Historical population
| Census | Pop. | Note | %± |
| 1880 | 78 |  | — |
| 1890 | 556 |  | 612.8% |
| 1900 | 756 |  | 36.0% |
| 1910 | 949 |  | 25.5% |
| 1920 | 1,055 |  | 11.2% |
| 1930 | 1,103 |  | 4.5% |
| 1940 | 1,272 |  | 15.3% |
| 1950 | 1,602 |  | 25.9% |
| 1960 | 1,194 |  | −25.5% |
| 1970 | 1,193 |  | −0.1% |
| 1980 | 1,167 |  | −2.2% |
| 1990 | 1,112 |  | −4.7% |
| 2000 | 1,026 |  | −7.7% |
| 2010 | 1,000 |  | −2.5% |
| 2020 | 941 |  | −5.9% |
U.S. Decennial Census

===2010 census===
As of the census of 2010, there were 1,000 people, 443 households, and 264 families living in the city. The population density was 1010.1 PD/sqmi. There were 519 housing units at an average density of 524.2 /sqmi. The racial makeup of the city was 98.4% White, 0.4% Native American, 0.1% Asian, 0.4% from other races, and 0.7% from two or more races. Hispanic or Latino of any race were 1.5% of the population.

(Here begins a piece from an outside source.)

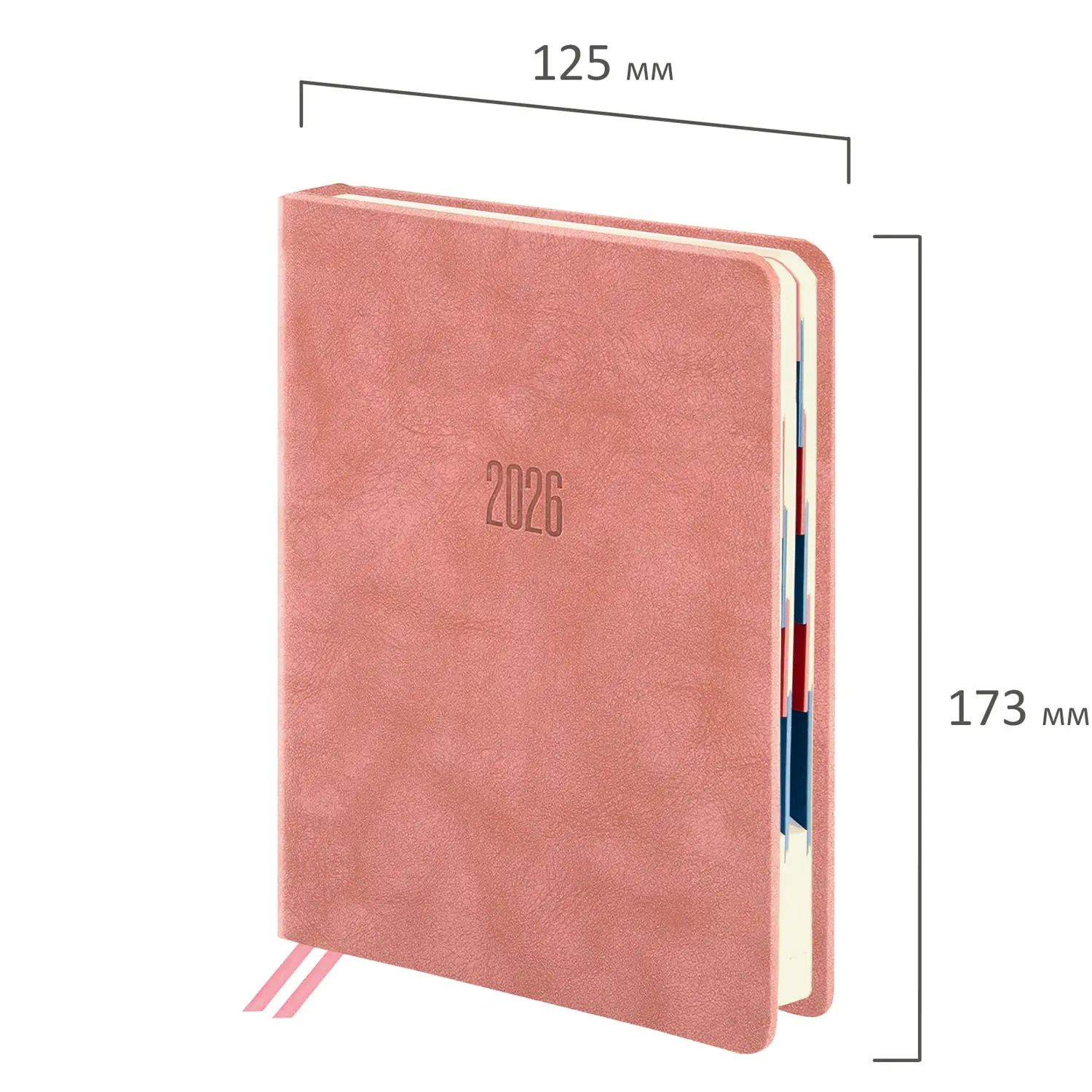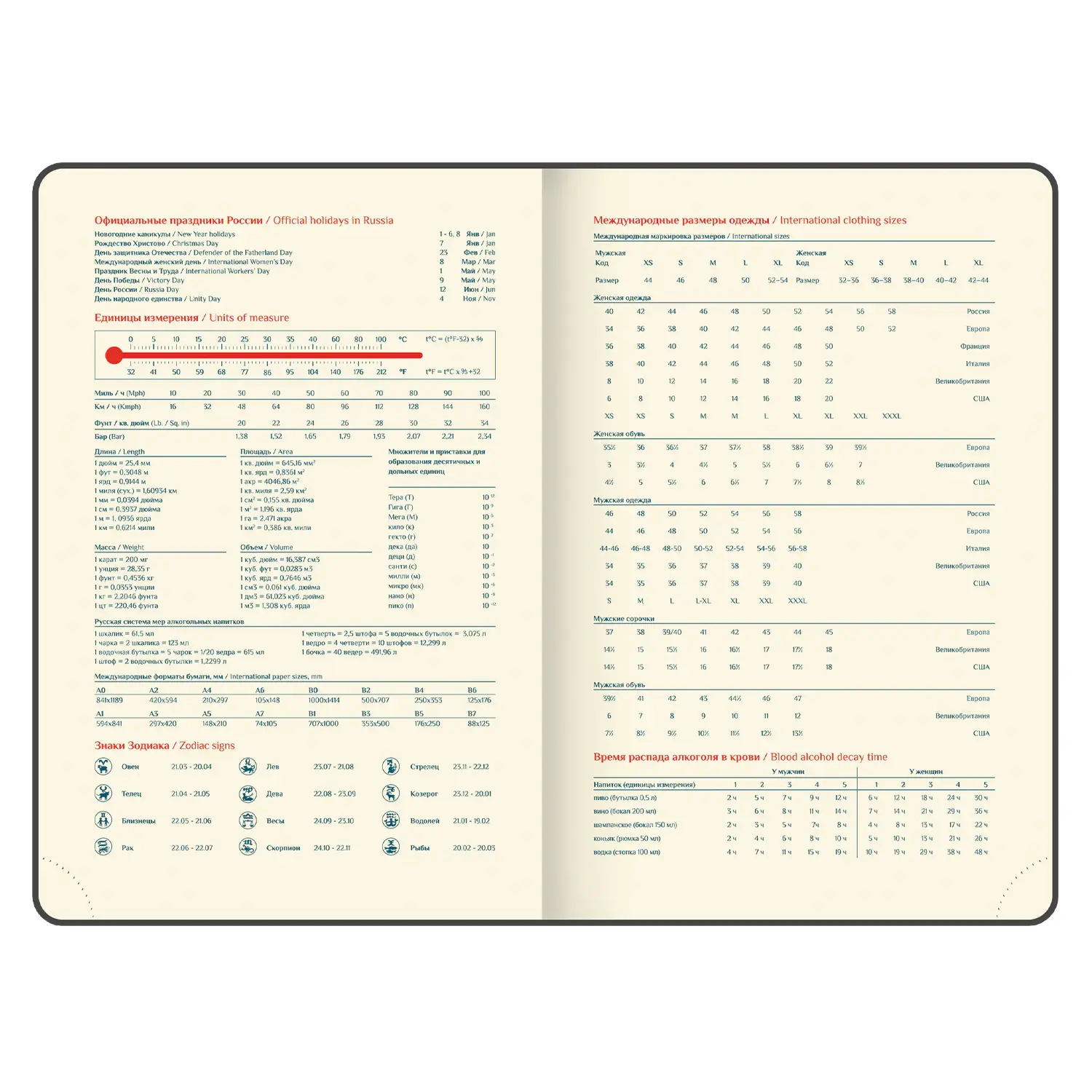 Датированный ежедневник серии "Vivid" от GALANT – надежный спутник делового человека. Внутренний блок включает 168 листов кремовой бумаги плотностью 70 г/м2. Каждая страничка имеет перфорированный угол. Благодаря небольшому формату B6 (125х173 мм) ежедневник удобно использовать как в офисе, так и на выездных деловых встречах. Твердая обложка стилизована под текстурную кожу. Материал обложки подходит для горячего тиснения. Дополнением является закладка-ляссе, с помощью которой при необходимости можно быстро открыть ежедневник на нужной странице, а также вырубка по месяцам. Помимо прочего, ежедневник снабжен обширным справочным материалом. В конце есть 6 страниц для записей и заметок.

There were 443 households, of which 25.1% had children under the age of 18 living with them, 48.8% were married couples living together, 8.4% had a female householder with no husband present, 2.5% had a male householder with no wife present, and 40.4% were non-families. 37.9% of all households were made up of individuals, and 25.5% had someone living alone who was 65 years of age or older. The average household size was 2.19 and the average family size was 2.89.

The median age in the city was 48.5 years. 23.4% of residents were under the age of 18; 5.1% were between the ages of 18 and 24; 17.4% were from 25 to 44; 26.6% were from 45 to 64; and 27.5% were 65 years of age or older. The gender makeup of the city was 45.8% male and 54.2% female.

===2000 census===
As of the census of 2000, there were 1,026 people, 440 households, and 272 families living in the city. The population density was 1,028.4 PD/sqmi. There were 498 housing units at an average density of 499.2 /sqmi. The racial makeup of the city was 99.42% White, 0.39% Native American, 0.10% Asian, and 0.10% from two or more races. Hispanic or Latino of any race were 0.97% of the population.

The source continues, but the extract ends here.